Deep neural networks often exploit non-predictive features that are spuriously correlated with class labels, leading to poor performance on groups of examples without such features. Using the SpuCo Package (SpuCo Documentation), we'd like you to implement a simple method to remedy spurious correlations in SpuCoMNIST (use default parameters to initialize the dataset). https://spuco.readthedocs.io/en/latest/

The method (George) we'd like you to implement has a 3 step pipeline: https://arxiv.org/abs/2011.12945
1. Train a model using ERM
2. Cluster inputs based on the output they produce for ERM
3. Retrain using "Group-Balancing" to ensure in each batch each group appears equally.

We'd like you to send us a notebook with your code and outputs (similar to the SpuCo Quickstart Notebooks).

Upload your notebook (with both code and outputs) to a public GitHub repository and share the link here. 

In [9]:
import warnings
from tqdm import TqdmWarning

warnings.filterwarnings("ignore", category=UserWarning)
warnings.filterwarnings("ignore", category=TqdmWarning)

In [None]:
from spuco.datasets import SpuCoMNIST, SpuriousFeatureDifficulty

# Defaults from the notebook examples
classes = [[0, 1], [2, 3], [4, 5], [6, 7], [8, 9]]
difficulty = SpuriousFeatureDifficulty.MAGNITUDE_LARGE

trainset = SpuCoMNIST(
    root="/data/mnist/",
    spurious_feature_difficulty=difficulty,
    spurious_correlation_strength=0.995,
    classes=classes,
    split="train",
)
trainset.initialize()

testset = SpuCoMNIST(
    root="/data/mnist/",
    spurious_feature_difficulty=difficulty,
    classes=classes,
    split="test",
)
testset.initialize()

## Step 1:
Train a model using ERM.

In [None]:
from spuco.robust_train import ERM
from torch.optim import SGD
from spuco.models import model_factory
import torch

device = torch.device("cuda") if torch.cuda.is_available() else torch.device("cpu")

# Using LeNet for images
model = model_factory(
    arch="lenet", input_shape=trainset[0][0].shape, num_classes=trainset.num_classes
).to(device)

erm = ERM(
    model=model,
    num_epochs=1,
    trainset=trainset,
    batch_size=64,
    # For simplicity, same optimizer as in samples
    optimizer=SGD(model.parameters(), lr=1e-2, momentum=0.9, nesterov=True),
    device=device,
    verbose=False
)
erm.train()

##### Evaluation before balancing sub-classes

In [4]:
from spuco.evaluate import Evaluator

evaluator = Evaluator(
    testset=testset,
    group_partition=testset.group_partition,
    group_weights=trainset.group_weights,
    batch_size=64,
    model=model,
    device=device,
    verbose=False
)
evaluator.evaluate()

Evaluating group-wise accuracy:   0%|          | 0/25 [00:00<?, ?it/s]

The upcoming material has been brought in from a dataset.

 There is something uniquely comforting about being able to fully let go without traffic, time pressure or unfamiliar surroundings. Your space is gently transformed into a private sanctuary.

Evaluating group-wise accuracy: 100%|██████████| 25/25 [07:29<00:00, 17.96s/it]


{(0, 0): 100.0,
 (0, 1): 0.0,
 (0, 2): 0.0,
 (0, 3): 0.0,
 (0, 4): 0.0,
 (1, 0): 0.0,
 (1, 1): 100.0,
 (1, 2): 0.0,
 (1, 3): 0.0,
 (1, 4): 0.0,
 (2, 0): 0.0,
 (2, 1): 0.0,
 (2, 2): 100.0,
 (2, 3): 0.0,
 (2, 4): 0.0,
 (3, 0): 0.0,
 (3, 1): 0.0,
 (3, 2): 0.0,
 (3, 3): 100.0,
 (3, 4): 0.0,
 (4, 0): 0.0,
 (4, 1): 0.0,
 (4, 2): 0.0,
 (4, 3): 0.0,
 (4, 4): 100.0}

## Step 2:
Cluster inputs based on the output they produce for ERM.

In [None]:
# Gets logits for our training set across possible superclasses
logits = erm.trainer.get_trainset_outputs()

In [None]:
from spuco.group_inference import Cluster

cluster = Cluster(
    Z=logits,
    class_labels=trainset.labels,
    # k in [2, 10] pg. 23
    max_clusters=10,
    device=device,
    verbose=True
)

# Uses silhouette scores per superclass to get k values, pg. 6, pg. 23
group_partition = cluster.infer_groups()

Clustering class-wise:   0%|          | 0/5 [00:00<?, ?it/s]

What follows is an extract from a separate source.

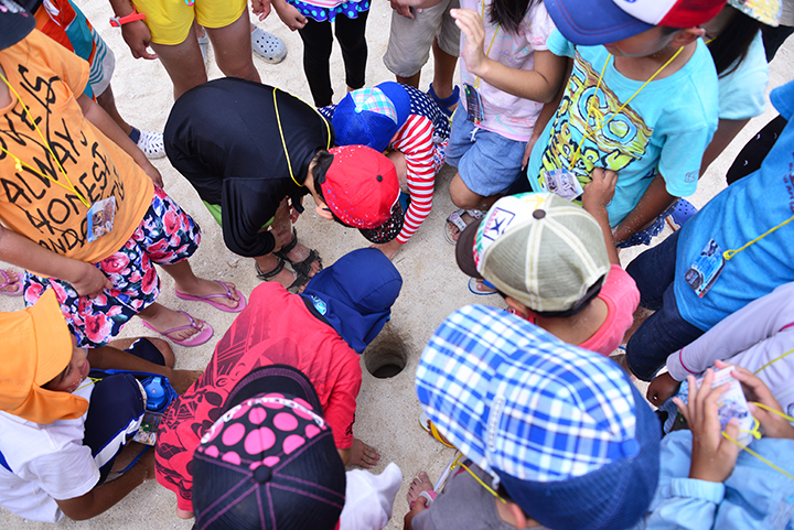 実際にビーチの砂場で産卵する巣穴堀りも体験!!
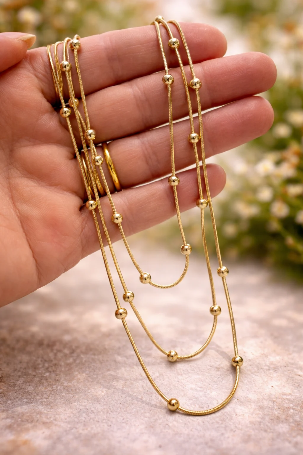 • Diseño: multicadena con esferas decorativas

For n_clusters = 2 The average silhouette_score is : 0.9629660248756409
For n_clusters = 3 The average silhouette_score is : 0.962044358253479
For n_clusters = 4 The average silhouette_score is : 0.9633027911186218
For n_clusters = 5 The average silhouette_score is : 0.5213839411735535
For n_clusters = 6 The average silhouette_score is : 0.5249813199043274
For n_clusters = 7 The average silhouette_score is : 0.4771381914615631
For n_clusters = 8 The average silhouette_score is : 0.41998812556266785
For n_clusters = 9 The average silhouette_score is : 0.39356228709220886


Clustering class-wise:  20%|██        | 1/5 [00:08<00:35,  8.89s/it]

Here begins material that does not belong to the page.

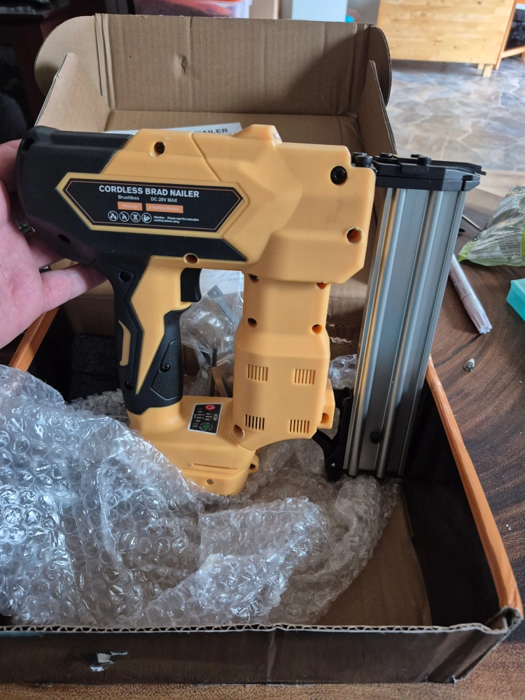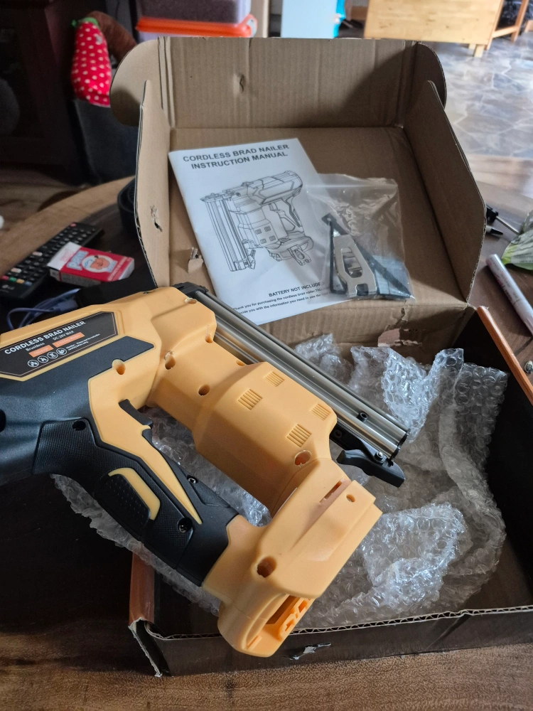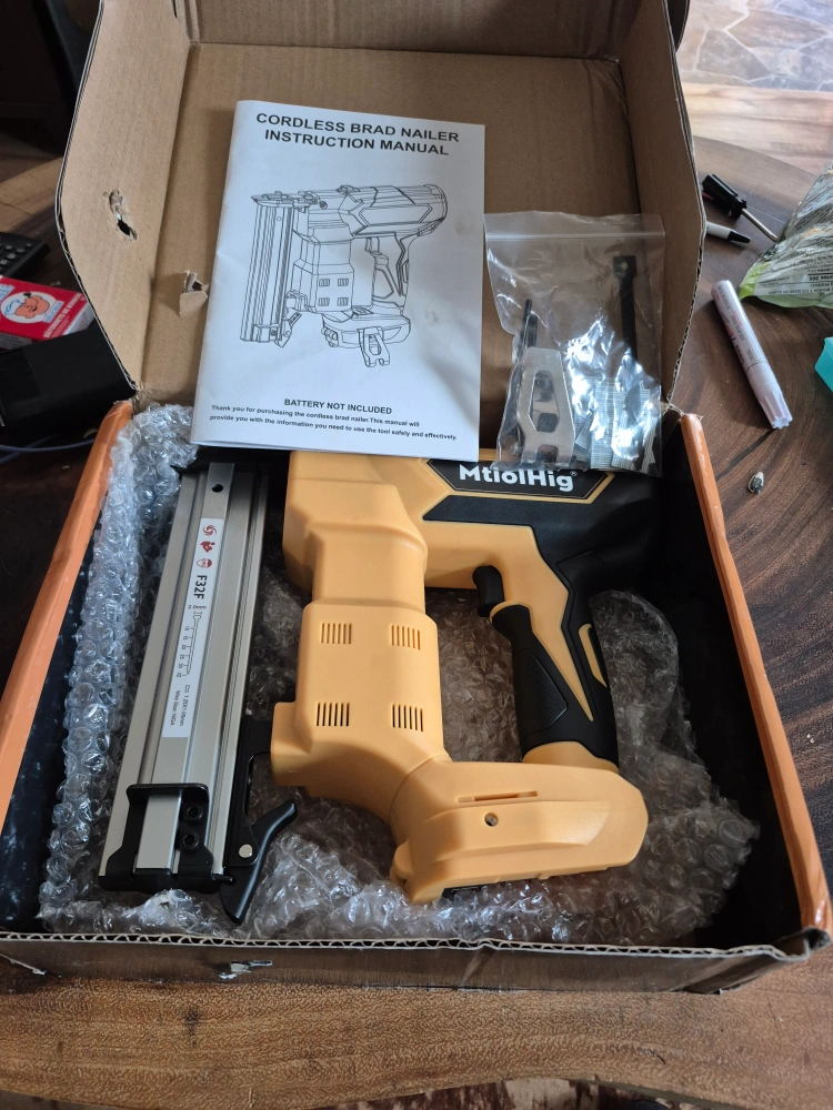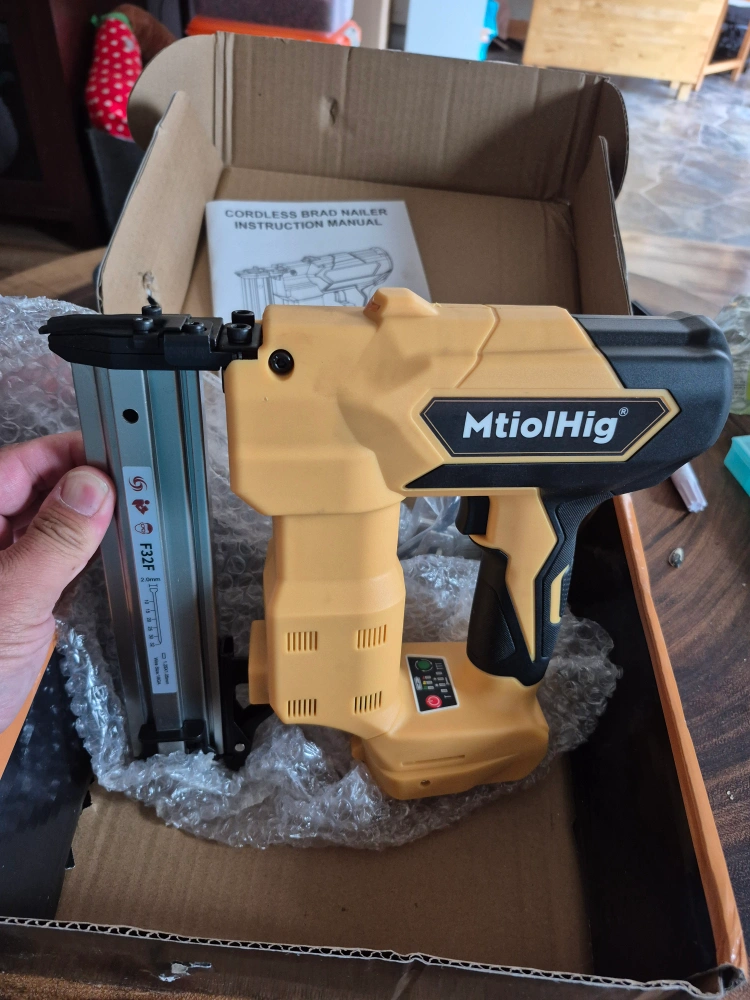 Selling a MtioHlg cordless 2" brad nailer. It's in like-new condition and comes with the original box and instruction manual. This 2-in-1 electric nail gun/staple gun is compatible with Dewalt 20V batteries (battery not included). Perfect for picture framing, renovation, ceiling trim moulding, and other carpentry DIY projects!

For n_clusters = 10 The average silhouette_score is : 0.35772427916526794
For n_clusters = 2 The average silhouette_score is : 0.9450042843818665
For n_clusters = 3 The average silhouette_score is : 0.6658995747566223
For n_clusters = 4 The average silhouette_score is : 0.6672133207321167
For n_clusters = 5 The average silhouette_score is : 0.6685448288917542
For n_clusters = 6 The average silhouette_score is : 0.6695531606674194
For n_clusters = 7 The average silhouette_score is : 0.6078675985336304
For n_clusters = 8 The average silhouette_score is : 0.5511408448219299
For n_clusters = 9 The average silhouette_score is : 0.476537823677063


Clustering class-wise:  40%|████      | 2/5 [00:19<00:30, 10.01s/it]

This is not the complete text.